И, очевидно передразнивая жену, добавил, покачивая головой: «Учёба в мединституте такая тяжёлая!», и сплюнул: тьфу!

Белка расплакалась и выскочила из комнаты, хлопнув дверью. Валера – за нею следом. Подружка бежала вниз по лестнице и, очевидно, хотела выскочить на заснеженную улицу прямо в халате. Но Валера догнал, схватил её за плечи, развернул к себе и слегка потряс. Посмотрел ей в глаза и, медленно проговаривая каждое слово, сказал:

– Сейчас я всё улажу.

Она с большим недоверием посмотрела на него. Конечно, Бродяга кому хочешь может зубы заговорить, но папе… Она перестала плакать и обеспокоенно спросила:

– Что ты ему скажешь?

– Пока не знаю. Он у тебя случайно не в полиции нравов работает?

– Почти… Папа – следователь по особо важным делам.

– По убийствам, что ли? – удивился Валера.

– И по убийствам тоже, – подтвердила Белка.

– Как интересно… – воскликнул Валера. – Что ж ты раньше не сказала?

– А мне неинтересно… – Белка всхлипнула, посмотрела на Валеру влюблёнными глазами и спросила: – Что делать-то будем?

Валера взял её за руку.

– Положись на меня… Пошли! Там уже заждались нас, наверное, – сказал он и мягко повлёк её за собой.

Они стали медленно подниматься по лестнице, держась за руки, как дети малые. А двумя этажами выше стояли Белкины родители, смотрели на них, и, очень возможно, им эта картина понравилась.

Когда Бродяга с Белкой вошли в комнату, папа с мамой мирно сидели за столом и сосредоточенно смотрели «Голубой огонёк». Петросян рассказывал древние плоские шутки и корчил противные рожи. Мама не спеша пила вино из большой чайной кружки и краем глаза наблюдала за Белкой. Папа, очевидно с трудом переживший сексуальную революцию собственной дочери, слегка увеличил дозу коньку и, не стесняясь, ел оливье прямо из банки. Лицо его выражало не больше, чем лицо статуи с острова Пасхи. Валера и Белла молча сели и тоже стали смотреть телевизор. Наконец, мать мягко сказала: «Валик, оставь салат в покое…» Валентин Егорович быстро очнулся и послушно поставил банку на стол.

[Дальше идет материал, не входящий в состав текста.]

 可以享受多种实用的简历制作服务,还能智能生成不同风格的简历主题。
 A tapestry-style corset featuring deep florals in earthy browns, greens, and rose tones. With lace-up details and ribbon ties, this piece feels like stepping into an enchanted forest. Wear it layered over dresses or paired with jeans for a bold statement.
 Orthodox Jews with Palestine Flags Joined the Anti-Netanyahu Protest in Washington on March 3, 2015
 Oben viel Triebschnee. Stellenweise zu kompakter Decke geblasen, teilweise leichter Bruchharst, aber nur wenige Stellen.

Налил коньяку себе и после небольшой внутренней борьбы – Валере. «За знакомство!» – и опустошил рюмку, не чокаясь. Валера спокойно выпил и закусил грибом. Напряжение росло…

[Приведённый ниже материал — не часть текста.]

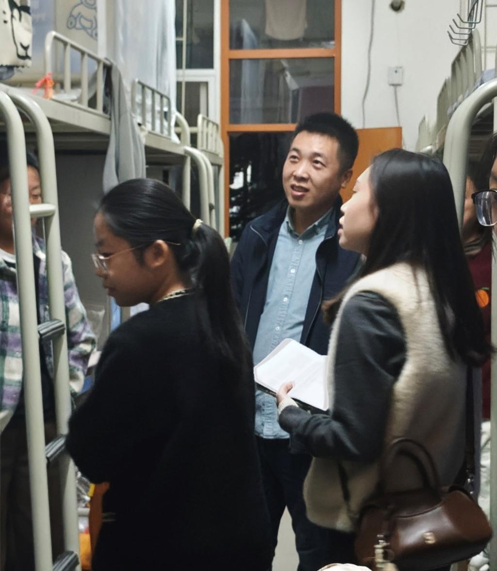 2025年11月26日下午,医学技术与人工智能学院党委书记陈文成、院长庞雅琴、党委副书记梁楚晗、副院长宗子傲带队,与学生科全体辅导员一同深入学生宿舍,开展走访慰问活动。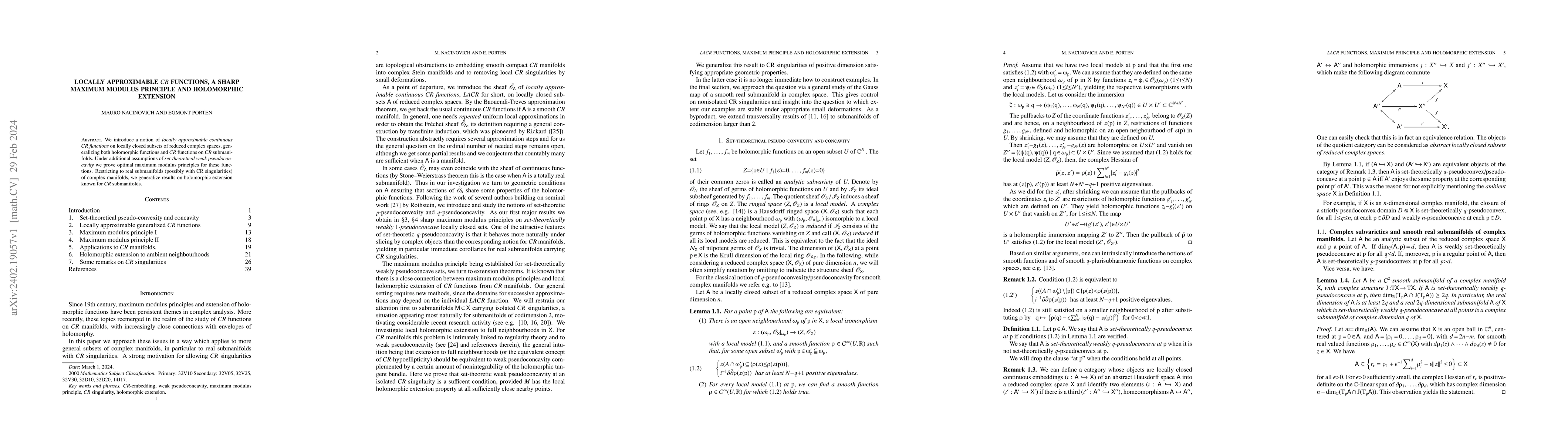Summary: This paper introduces locally approximable CR functions on complex spaces, proving optimal maximum modulus principles and extending holomorphic functions to real submanifolds, particularly those with CR singularities.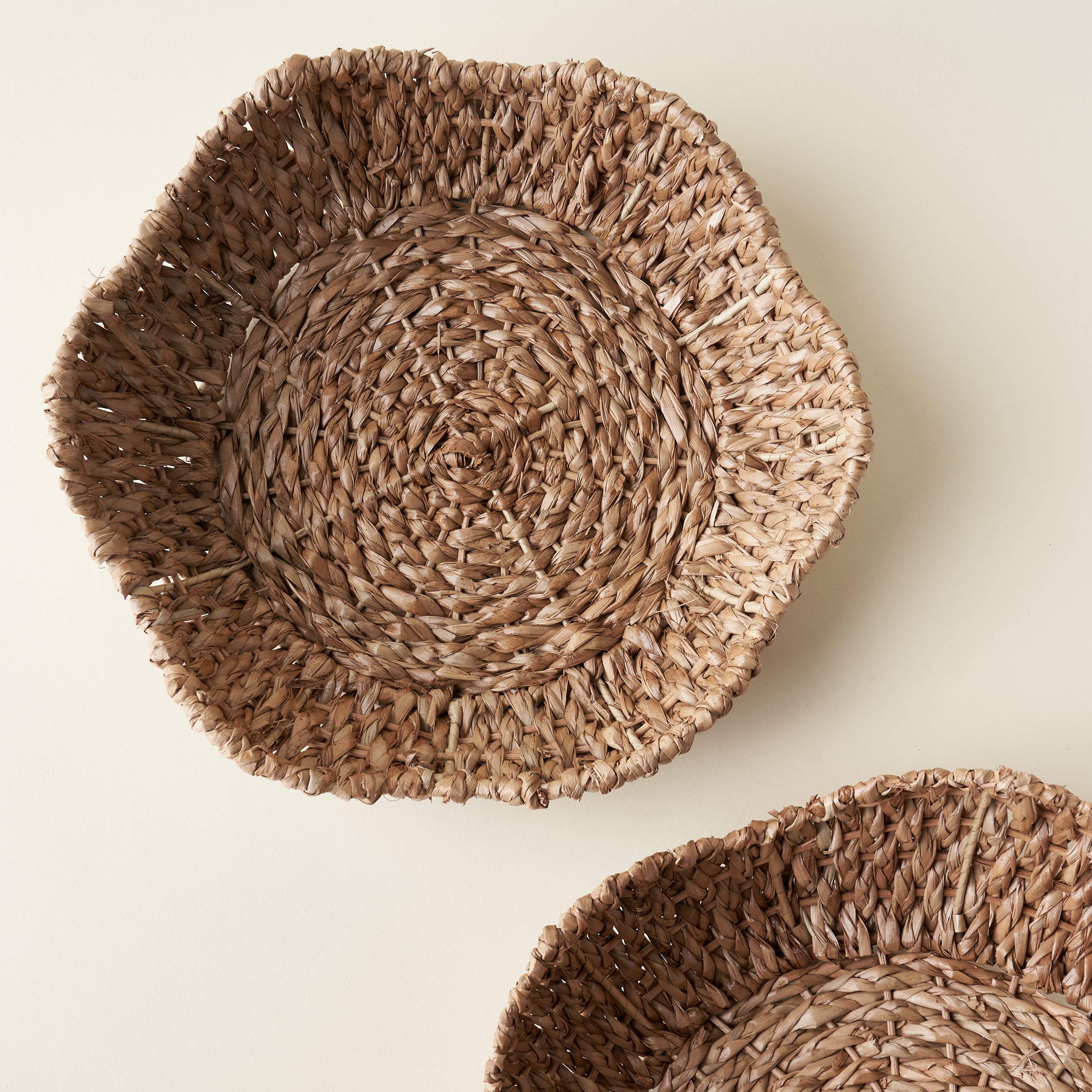 A foundational piece for a curated home, these braided bankuan bowls are a beautiful way to bring a sense of natural, artisanal style to your space. Each piece is meticulously handcrafted, with delicate scalloped edges that create a lovely, textural accent.

– Ну, что, молодой человек, как думаете жить дальше? – с плохо скрываемым раздражением спросил батя. – Поматросишь и бросишь?

Бродяга посмотрел на него, на Беллу, и она заметила у него в глазах весёлых чертей. Это значит, что у него есть идея или шутка, как обычно – совершенно непредсказуемая. Она любила эти шутки и одновременно боялась.

– Зачем вы так говорите? – обиженным голосом сказал Валера. – Я жениться хочу.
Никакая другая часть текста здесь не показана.